* _WHAT IS REQUIRED_:
Except for images, print the whole listing verbatim.

* _COLLECTED MATERIAL_:
┌──

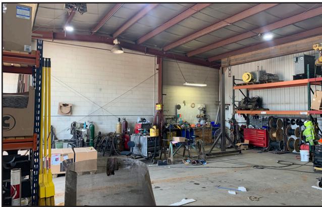
Building 3 - Interior
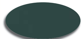
Evergreen DSI 111

Colors shown are a close representation of the true color. Please consult actual samples for accurate powder coating colors.
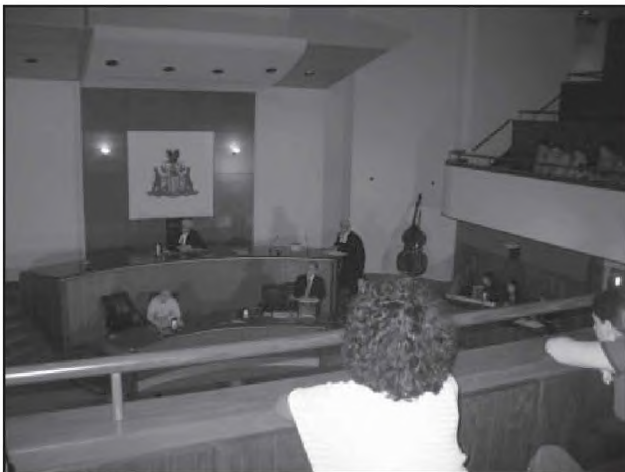
Audience members watch the second performance of Lethal Cross Examinations

└──

* _REPLY TO THE EXERCISE_:
Building 3 - Interior
Evergreen DSI 111

Colors shown are a close representation of the true color. Please consult actual samples for accurate powder coating colors.
Audience members watch the second performance of Lethal Cross Examinations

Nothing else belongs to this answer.